_Prompt_. Nothing but the lines below from the one that contains "Blue 4/4 Electric" through the one that contains "Figure 5: HMGB1" should be retyped, exactly and including both ends. Do not include pictures.

_The data_.
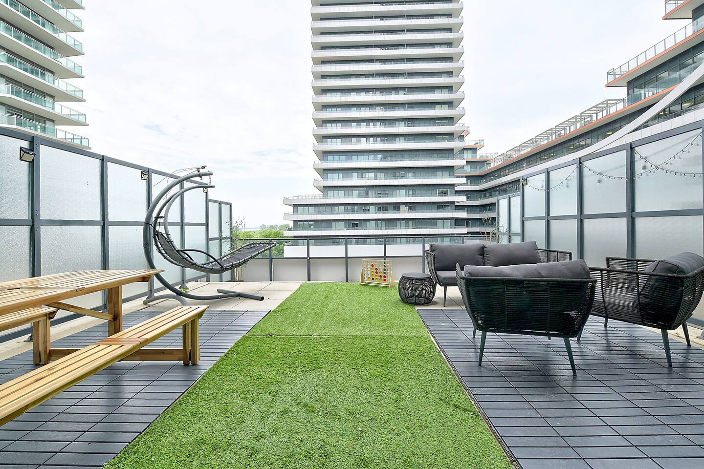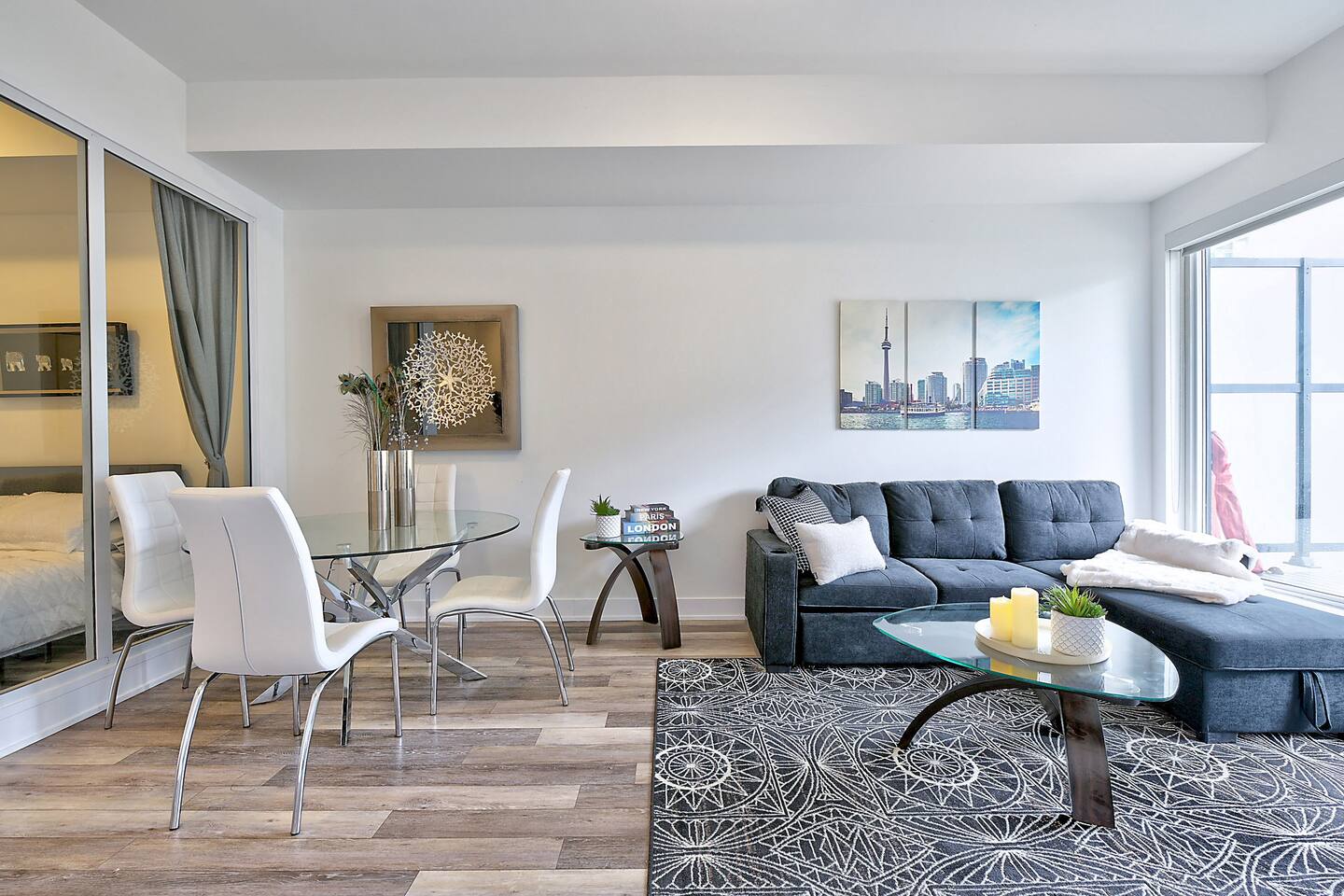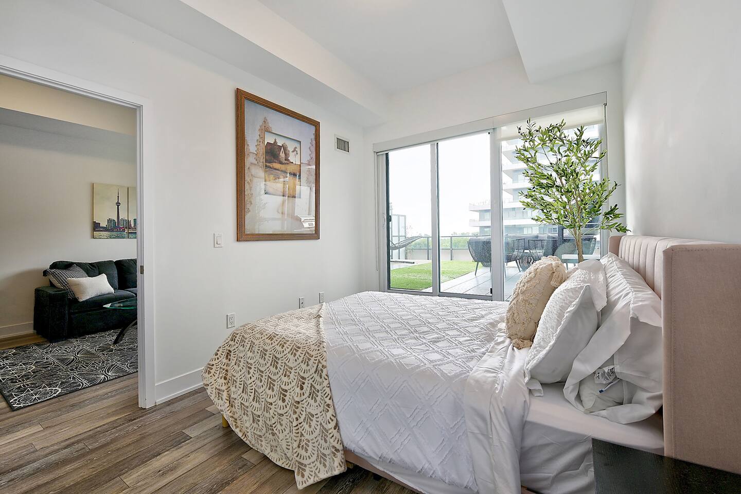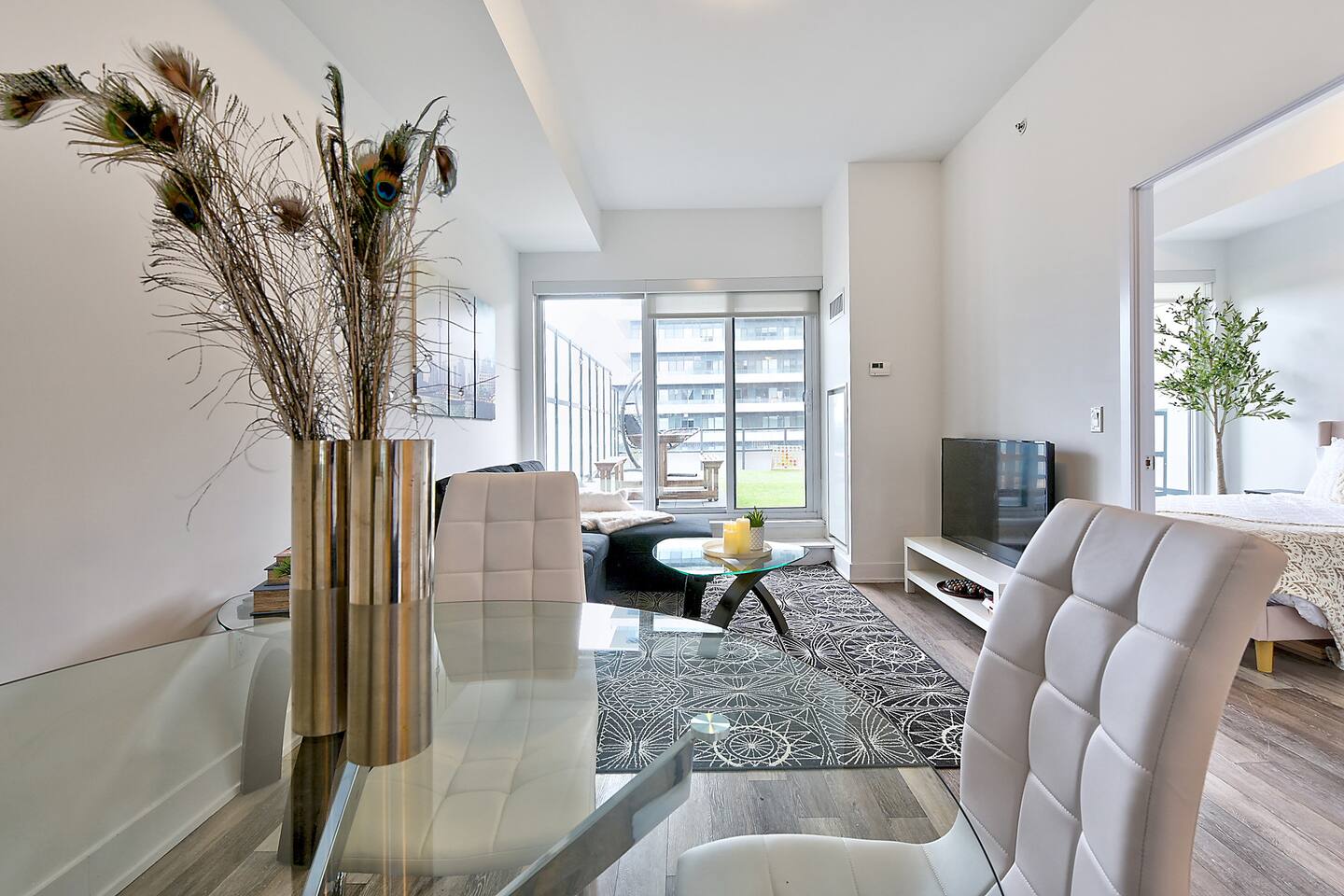 A modern and comfortable living space with all the amenities you need for a relaxing stay. The open-plan layout with soaring ceilings, allows for ample space and natural light and boasting stunning lake views and a mesmerizing panorama of Toronto's skyline. Savor your morning coffee or evening cocktails on the spacious private patio, which also features a BBQ for all your grilling pleasures. A parking spot is also included for your convenience. Our very comfortable sofa coverts to a queen pullout sofa allowing for up to 2 additional guests.
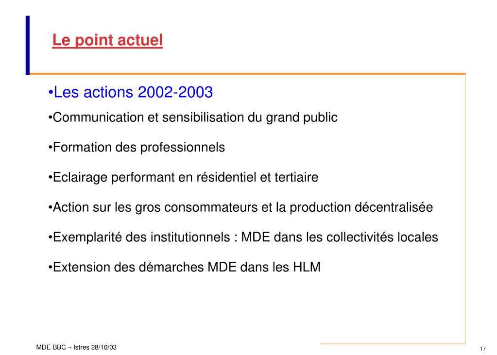 Le point actuel • Les actions 2002-2003 • Communication et sensibilisation du grand public • Formation des professionnels • Eclairage performant en résidentiel et tertiaire • Action sur les gros consommateurs et la production décentralisée • Exemplarité des institutionnels : MDE dans les collectivités locales • Extension des démarches MDE dans les HLM
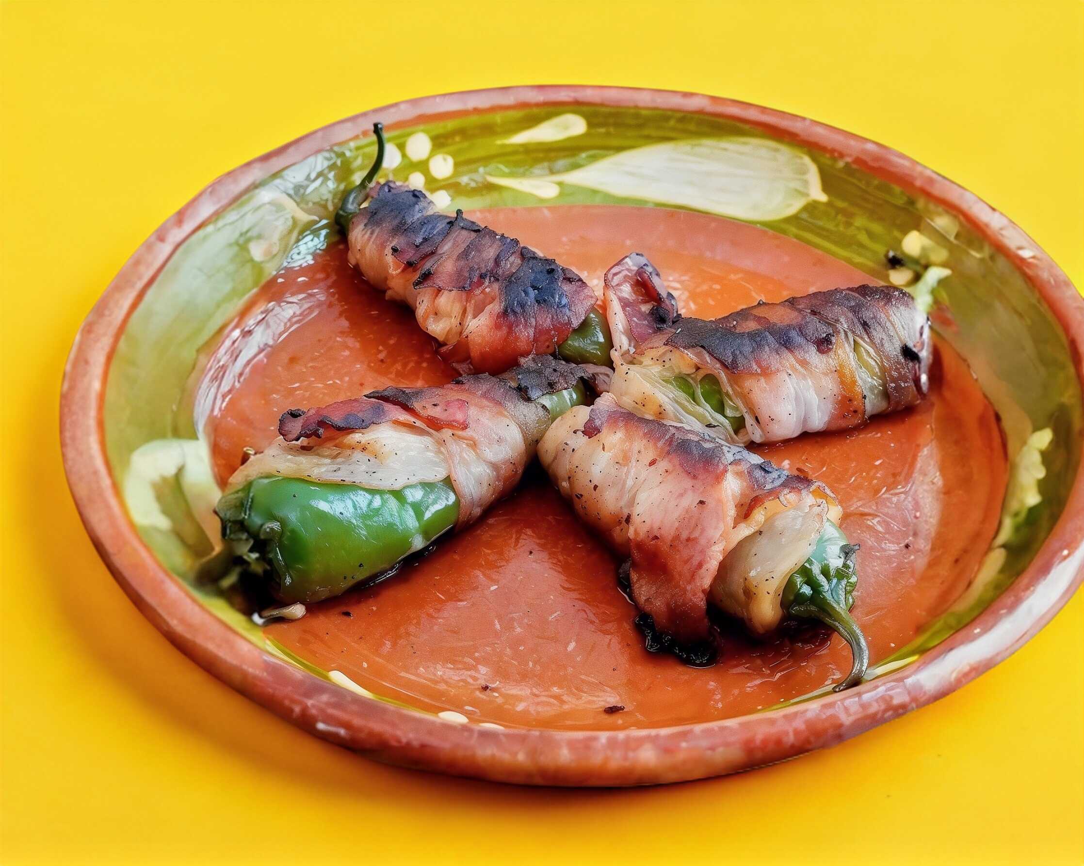 4 Jalapeños rellenos de queso chihuahua y envueltos en tocino, asados a la parrilla.
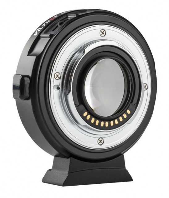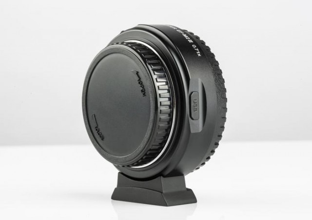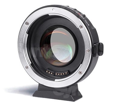 Ez a Viltrox "Speed Booster 0.71x" nem csak az MFT bajonettet adaptálja Canon EF objektívekhez, hanem csökkenti az objektívek gyújtótávolságát (0.71x) és növeli a rekeszértéket (akár egy rekeszszámmal). Ezen kívül 1/4"-os menetet kínál a fényképezőgép ketrecekhez és az AF-tartókhoz. 67x25 mm-es méretek, súly 85 g
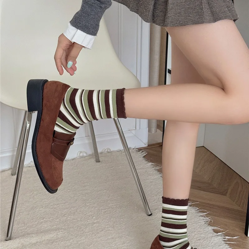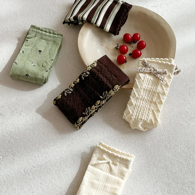 1 3 5 Pairs Womens Seamless Slouch Socks Retro Japanese Style Cotton Crew Socks Brown Little Flower Stripe
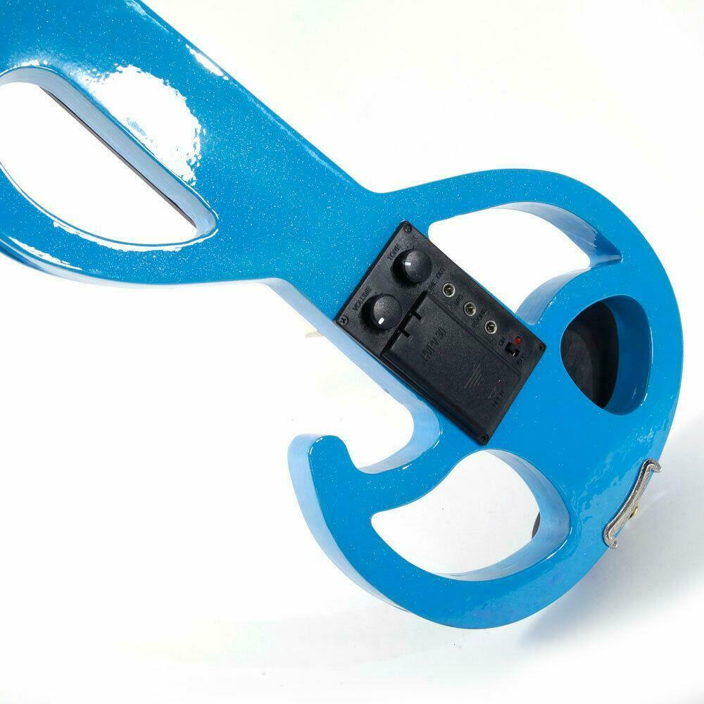 Blue 4/4 Electric Silent Violin Fiddle w/Case Bow Rosin Earphone Connecting Line
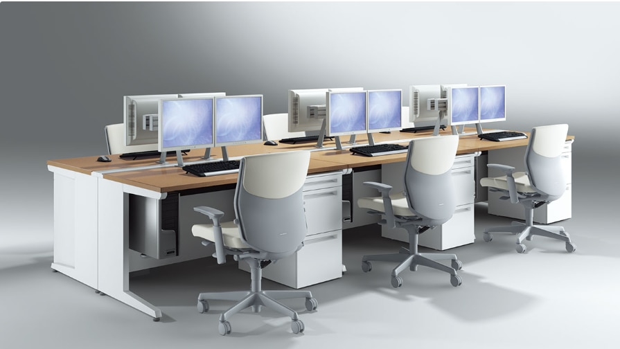 脚がL字型になっており、机を並べてもすっきりとした印象を与えます。 手前に脚がないため、4本脚タイプと比べ足の引っ掛かりが少なく、移動時や作業時のストレスが少ないのが特徴です。 詳細はこちら:Pro Unit/オカムラ
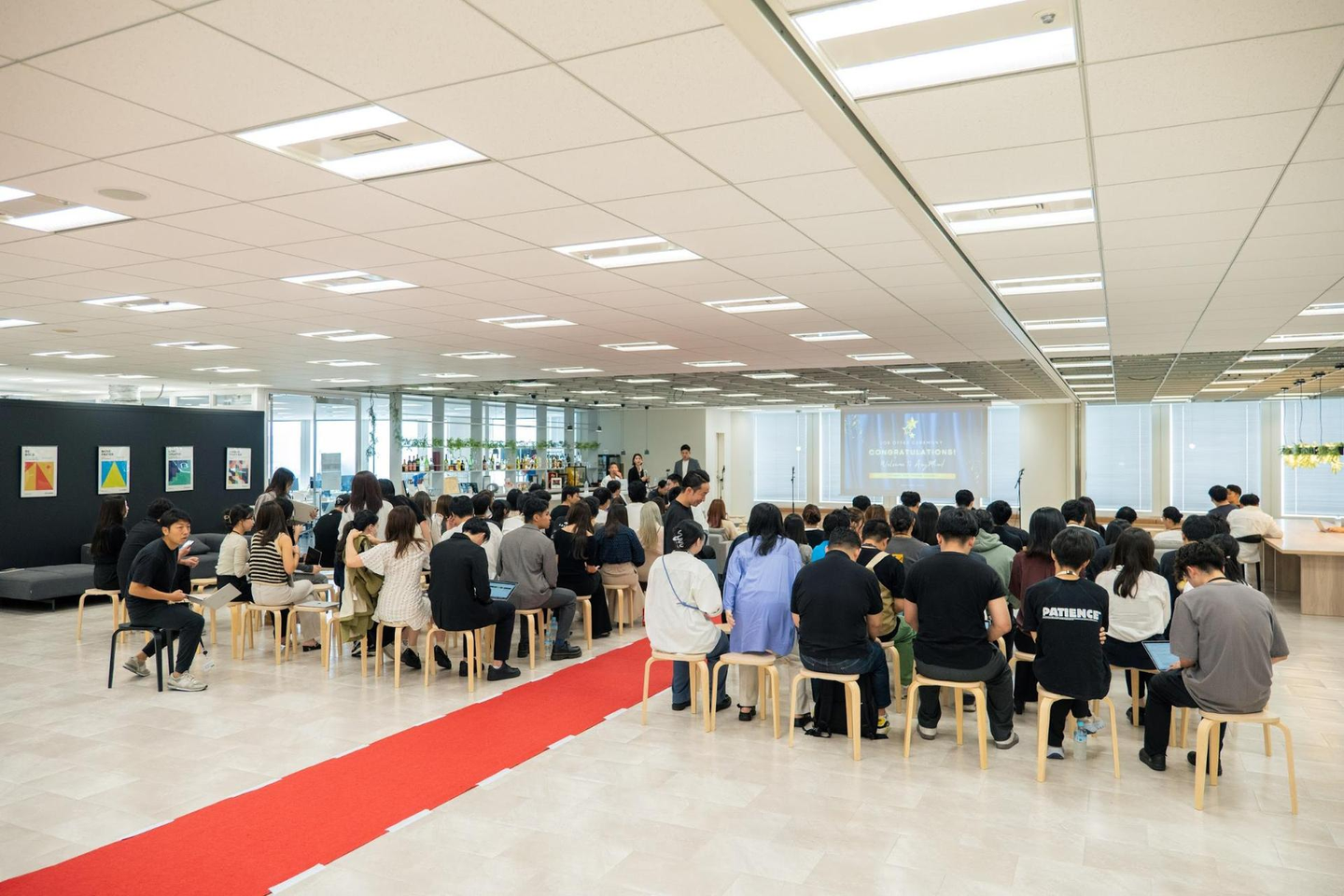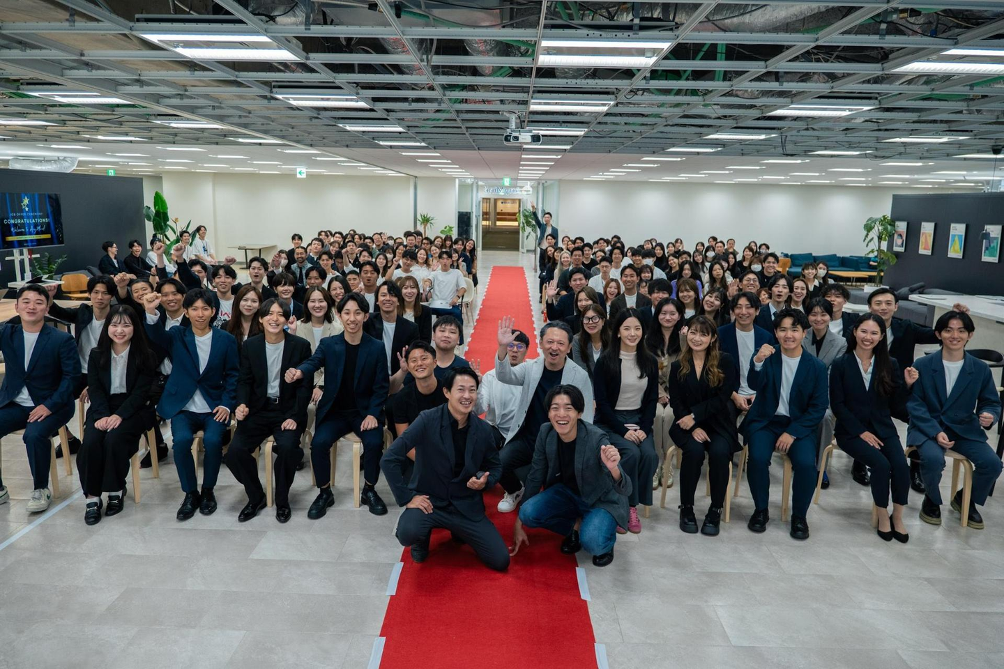内定式が行われる会場には、これから一緒に働く仲間として25卒内定者の皆さんをお迎えしようと社員の皆さんがフリースペースに大集結しました。
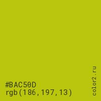 Цвет #BAC50D в цветовой модели RGB обозначается тремя октетами (186, 197, 13) в десятичном формате и #BAC50D в шестнадцатиричном (hex) формате, которые являются интенсивностью красного 186 (hex BA), интенсивность зелёного 197 (hex C5) и интенсивность синего 13 (hex 0D).
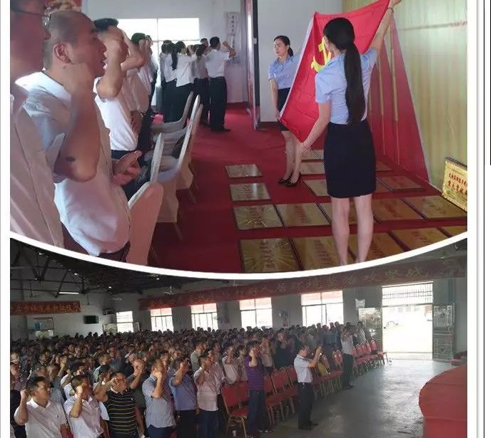 会议在庄严的国歌声中拉开序幕,新发展对象面对党旗庄严宣誓,全体党员重温入党誓词。
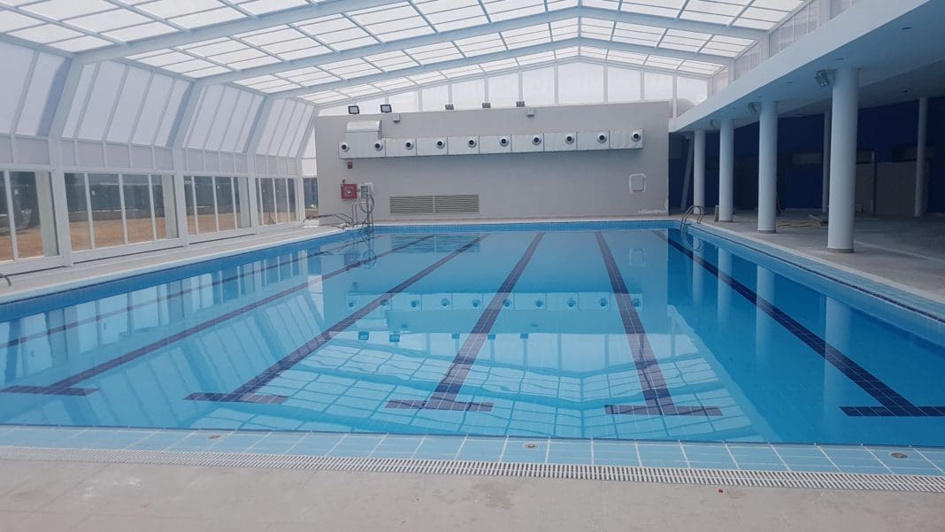 La nova edificació està constituïda per tres blocs diferenciats: la prolongació de la coberta vermella del poliesportiu, la coberta telescòpica automàtica de la piscina i un edifici d’instal·lacions on es troba la caldera per escalfar l’aigua de la piscina, així com el quadre elèctric o el sistema de depuració i cloració.
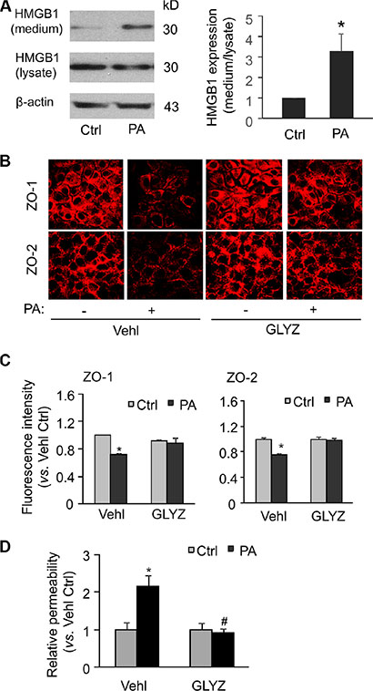 Figure 5: HMGB1 inhibitor glycyrrhizin abolishes palmitate-induced tight junction disruption and enhanced permeability in MVECs. MVECs were stimulated with 20 μM palmitate in the presence of PBS (Vehl for vehicle) or HMGB1 inhibitor glycyrrhizin (GLYZ, 130 μM). (A) Western blot documents and summarized data showing the expression of HMGB1 in either cell culture medium (Medium) or cell homogenates (lysate) (n = 4). (B) Representative fluorescence images show the cell membrane fluorescence of ZO-1 and ZO-2 from at least three independent experiments. (C) The protein expression of ZO-1 and ZO-2 were quantified by flow cytometry. Summarized data show the mean fluorescence intensity of ZO-1 or ZO-2 (n = 4). (D) Summarized data show the relative permeability of endothelial monolayers in the inserts for FITC-dextran (n = 4–8). *P < 0.05 versus Vehl Ctrl; #P < 0.05 vs. Vehl with PA.
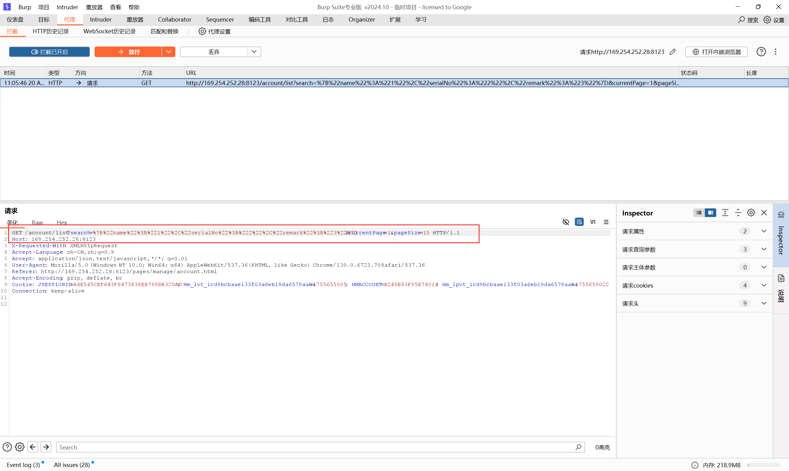 | GET /account/list?search=%7B%22name%22%3A%221%22%2C%22serialNo%22%3A%222%22%2C%22remark%22%3A%223%22%7D¤tPage=1&pageSize=15 HTTP/1.1
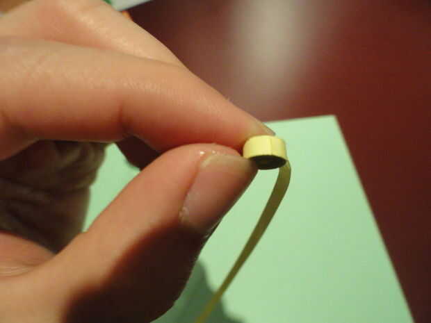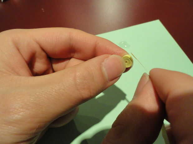 Coloque la punta de la segunda tira a donde acaba en la primera espiral con pegamento de gel.

_Task result_.
 Blue 4/4 Electric Silent Violin Fiddle w/Case Bow Rosin Earphone Connecting Line
 脚がL字型になっており、机を並べてもすっきりとした印象を与えます。 手前に脚がないため、4本脚タイプと比べ足の引っ掛かりが少なく、移動時や作業時のストレスが少ないのが特徴です。 詳細はこちら:Pro Unit/オカムラ
内定式が行われる会場には、これから一緒に働く仲間として25卒内定者の皆さんをお迎えしようと社員の皆さんがフリースペースに大集結しました。
 Цвет #BAC50D в цветовой модели RGB обозначается тремя октетами (186, 197, 13) в десятичном формате и #BAC50D в шестнадцатиричном (hex) формате, которые являются интенсивностью красного 186 (hex BA), интенсивность зелёного 197 (hex C5) и интенсивность синего 13 (hex 0D).
 会议在庄严的国歌声中拉开序幕,新发展对象面对党旗庄严宣誓,全体党员重温入党誓词。
 La nova edificació està constituïda per tres blocs diferenciats: la prolongació de la coberta vermella del poliesportiu, la coberta telescòpica automàtica de la piscina i un edifici d’instal·lacions on es troba la caldera per escalfar l’aigua de la piscina, així com el quadre elèctric o el sistema de depuració i cloració.
 Figure 5: HMGB1 inhibitor glycyrrhizin abolishes palmitate-induced tight junction disruption and enhanced permeability in MVECs. MVECs were stimulated with 20 μM palmitate in the presence of PBS (Vehl for vehicle) or HMGB1 inhibitor glycyrrhizin (GLYZ, 130 μM). (A) Western blot documents and summarized data showing the expression of HMGB1 in either cell culture medium (Medium) or cell homogenates (lysate) (n = 4). (B) Representative fluorescence images show the cell membrane fluorescence of ZO-1 and ZO-2 from at least three independent experiments. (C) The protein expression of ZO-1 and ZO-2 were quantified by flow cytometry. Summarized data show the mean fluorescence intensity of ZO-1 or ZO-2 (n = 4). (D) Summarized data show the relative permeability of endothelial monolayers in the inserts for FITC-dextran (n = 4–8). *P < 0.05 versus Vehl Ctrl; #P < 0.05 vs. Vehl with PA.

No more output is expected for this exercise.